The modulator is a device that converts the voltage or current change of an electrical signal to the change of output light intensity. Depending on the type of electron–photon interaction, modulators can be either electro-optical (EO) modulators or electroabsorption (EA) modulators. EO modulators are based on the index change caused by the carrier density change, while EA modulators are based on the field-induced absorption change. In terms of how the index change is related to the intensity change, EO modulators can be implemented by a Mach–Zehnder interferometer (MZI) type or by microring resonator (MRR) type. We describe the progress of both MZI modulators and MRR modulators.
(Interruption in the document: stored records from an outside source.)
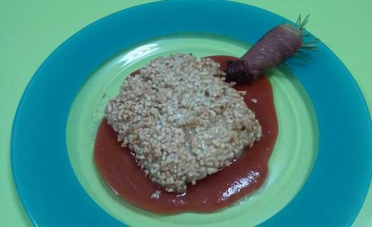Elaboración: Desalamos el lomo de bacalao, y lo limpiamos. Lo pasamos, por la parte sin piel, por la harina, tempura y almendras picadas, y lo doramos en aceite de oliva. Se colocan los lomos en una bandeja de horno con la cara de la piel hacia abajo y se hornea a 180º. Para el crujiente de jamón, necesitaremos moldes cónicos de aluminio en los que enrollaremos las lonchas de jamón y se hornean hasta quedar crujientes. Para la presentación, desmoldamos los crujientes de jamón y colocamos en un plato llano un poco de salsa de tomate, preferiblemente casera, con tomates de la Vega, un poco de sal, azúcar para contrarrestar la acidez y aceite de oliva virgen extra. Encima colocamos el lomo de bacalao y emplearemos el jamón como acompañamiento, incluso se puede rellenar al gusto, ya que la forma cónica permite bien encajar más ingredientes o elaboraciones.
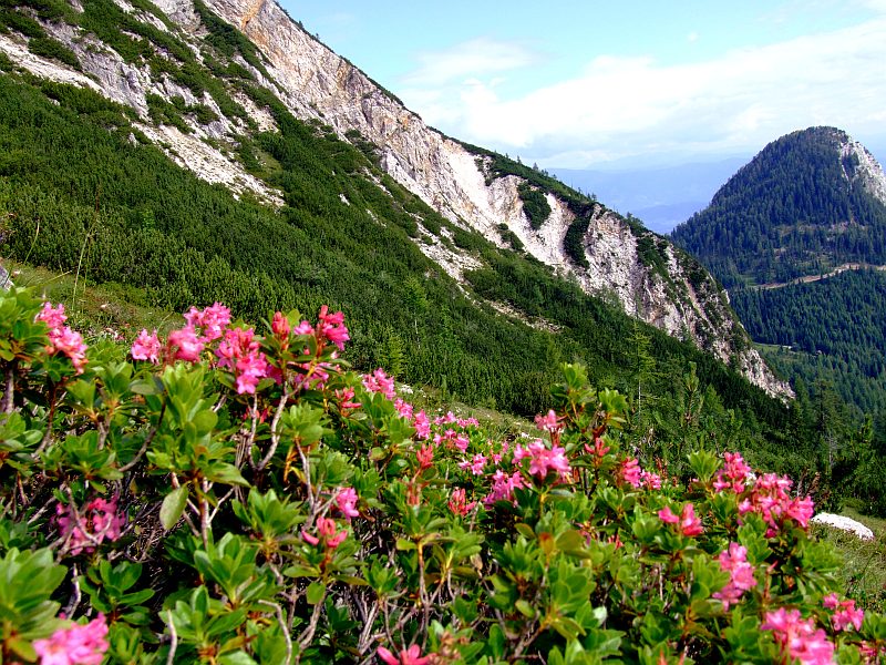 Alpine roses, this time the hairy variant, different from those growing on Gamskarkogel, though being very similar.
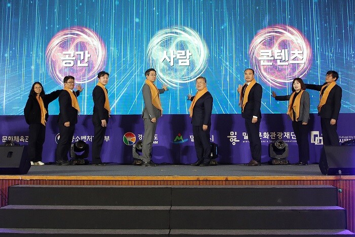 | ▲ 참석내빈들이 협력 세레머니를 하고 있다.(왼쪽부터 박은진 밀양소통협력센터장, 강은구 지방시대위원회 지방산업정책과장, 임철언 행정안전부 균형발전지원국장, 유병채 문화체육관광부 문화예술정책실장, 박일호 밀양시장, 정정규 밀양시의회 의장, 한미영 경남도 문화예술과장, 장병수 밀양시문화도시센터장) |
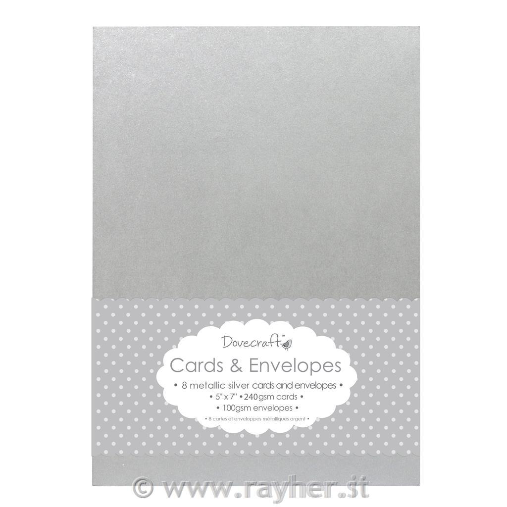 8 Silver Metallic 5x7 Cards & Envelopes
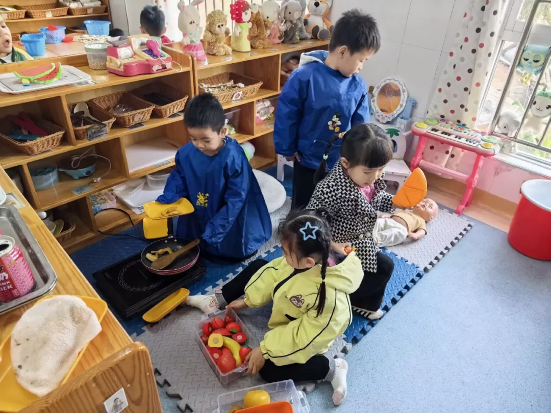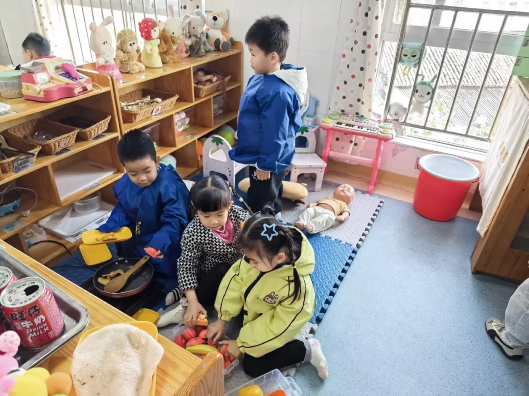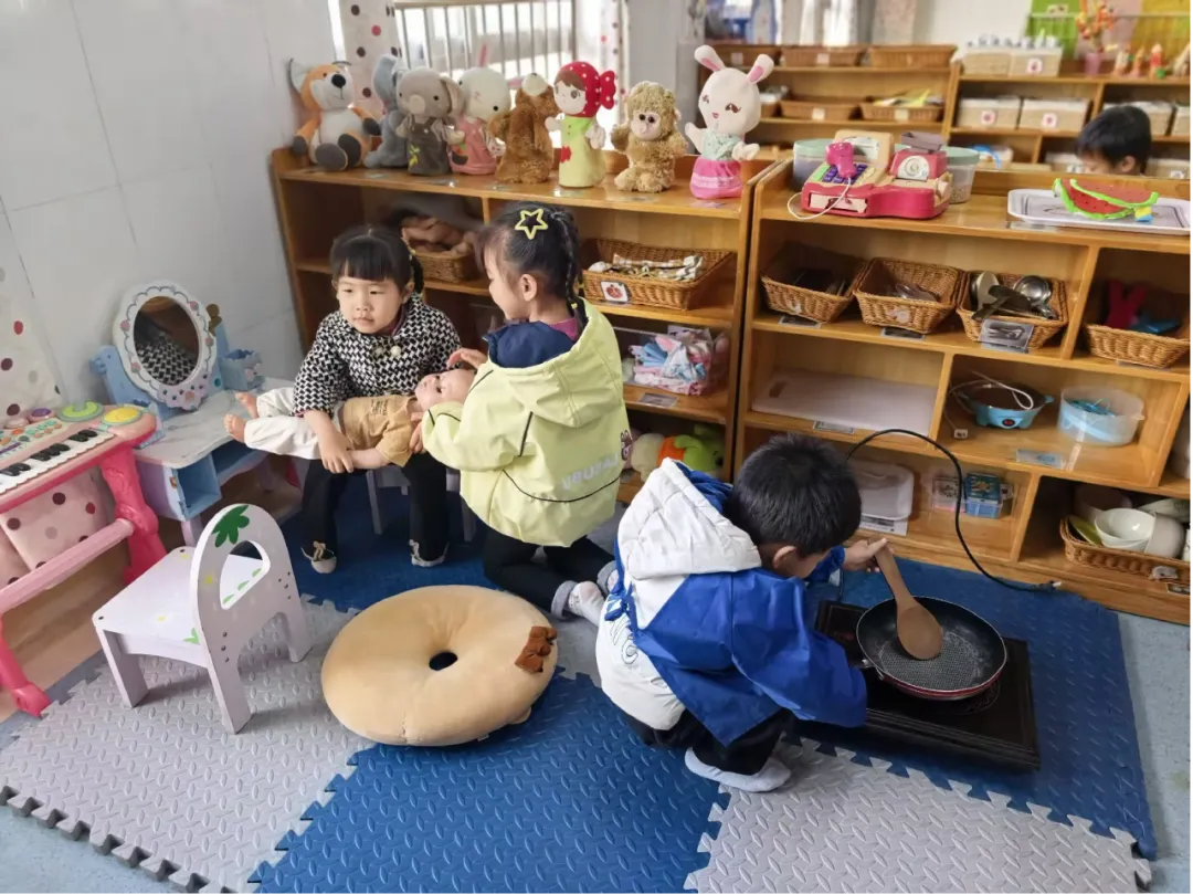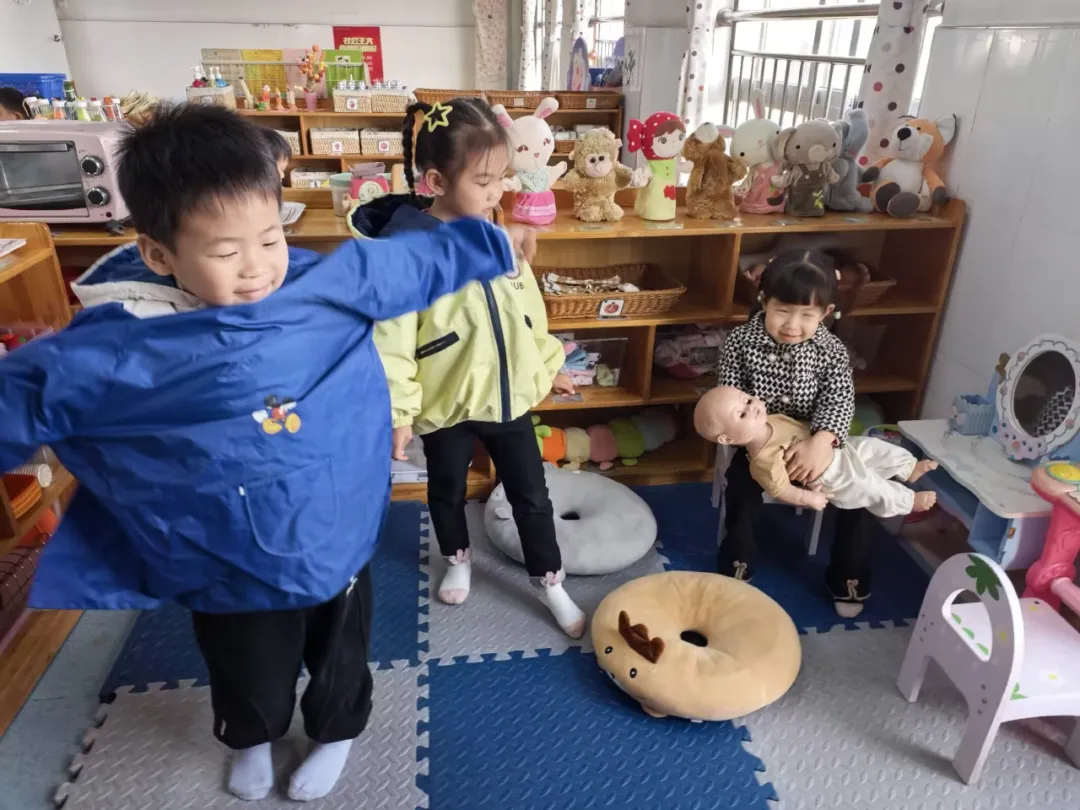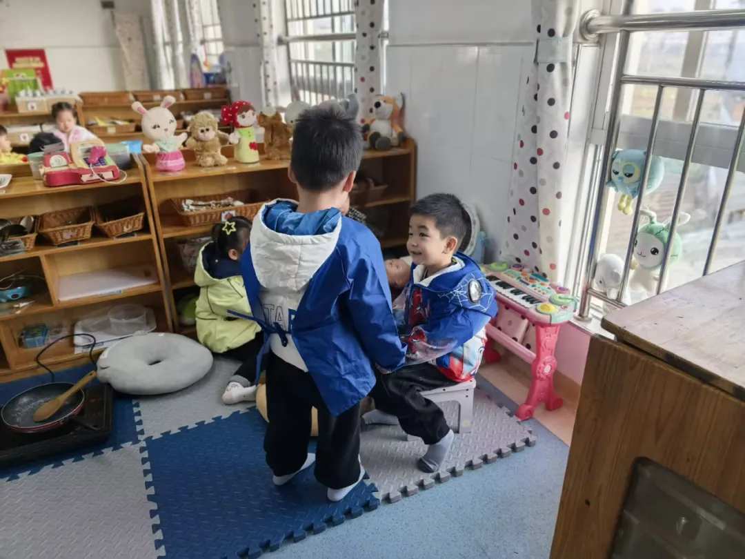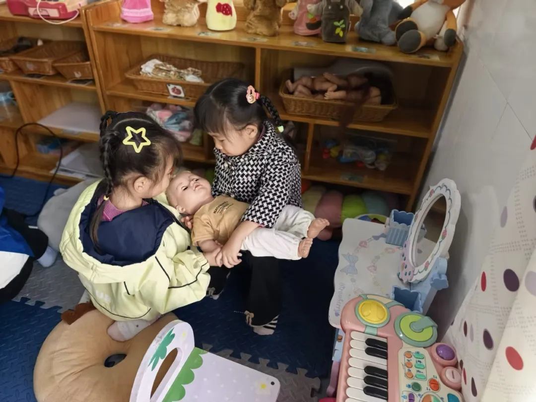 区域游戏时间,小杰、煊煊、悦悦进入娃娃家。悦悦抱娃娃:“我当妈妈,照顾宝宝。”小杰拿小围裙:“我当爸爸,做饭。”煊煊轻声说:“我也想当妈妈。”悦悦没说话,小杰对煊煊说:“那你当姐姐吧,姐姐也可以招待客人。”煊煊点头同意。
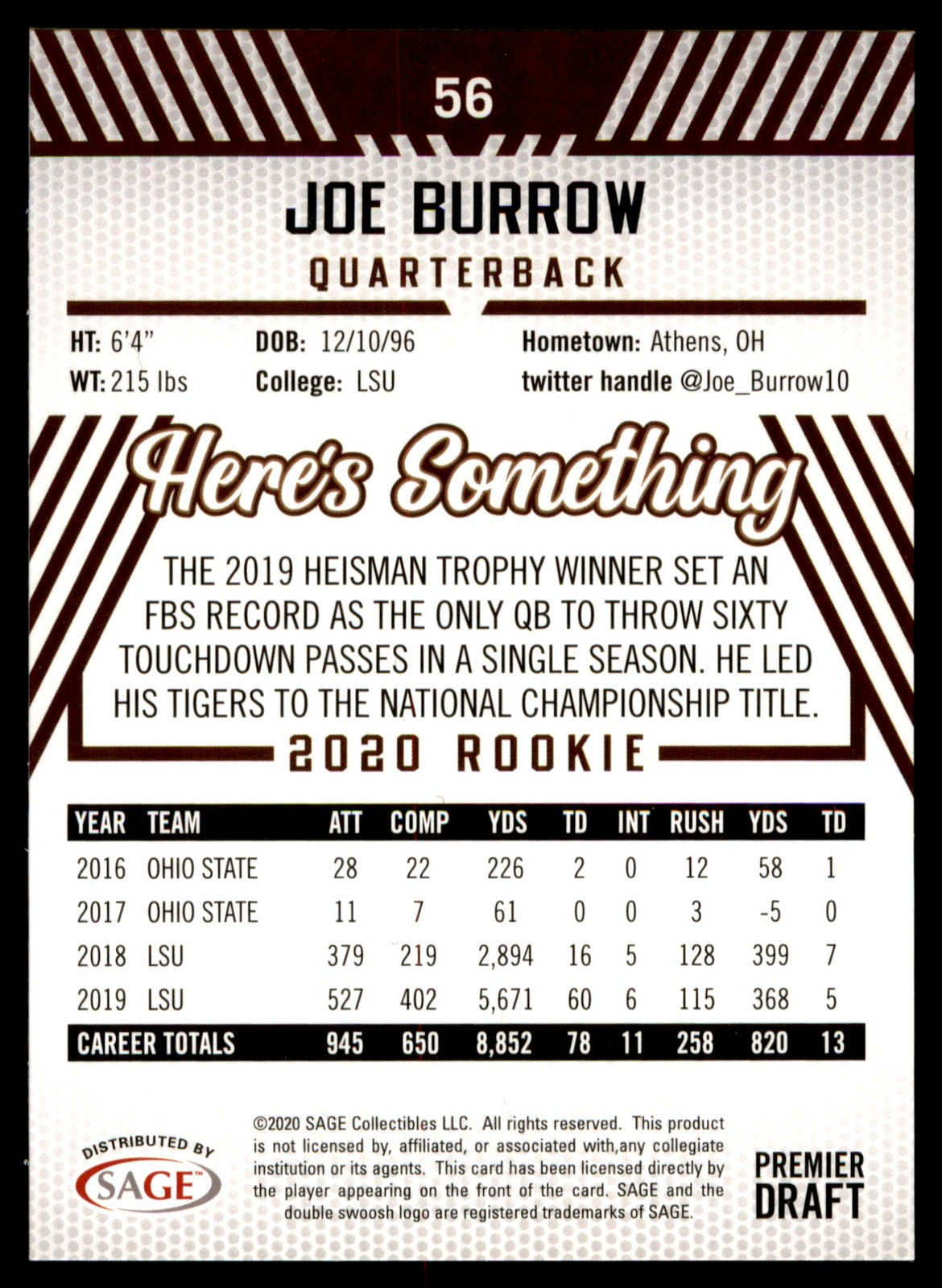 Item Description 2020 SAGE HIT Joe Burrow #56 Red LSU Tigers Any visible lines on the images are due to the hi-res scanner and are not on the actual card. Refer to hi-res images to evaluate card condition Shipping Please refer to the listing specifics for shipping price. Return Policy No Returns for Trading Cards Consignment Options Looking to sell your cards, but don't have time? Reach out to use here on eBay and we will be happy to assist you! Listed With Mascot.

The bulk-Si MZI modulator design follows that of typical carrier-injection-type p–i–n diodes except that the oxide undercladding is locally formed under the modulator ^[24]. A schematic diagram of the active part and an SEM image of the fabricated structure are shown in Figs. 7(a) and 7(b). The 500nm×250nm waveguide cores were patterned from the SPE-Si area in the same way as in Section 2.A, except that the 25 nm-thick slabs are connected for carrier injection. The rest of the fabrication process followed the sequence of ion implantation (1×1020cm−3 for p+ and n+ regions), upper cladding deposition, CMP, ohmic contact formation, and metallization. The p–i–n diode section length was 200 μm on both arms, shown in Fig. 7(c). Grating couplers were used for vertical light coupling between the modulator and cleaved optical fibers.

Fig. 7. (a) Cross-sectional diagram of the active part of the bulk-Si MZI modulator. (b) SEM image of the dotted region in (a). The inclined arrows indicate the boundary of the local oxide undercladding formed underneath the active part. (c) Microscope image. Dotted line indicates the location of (a) and (b).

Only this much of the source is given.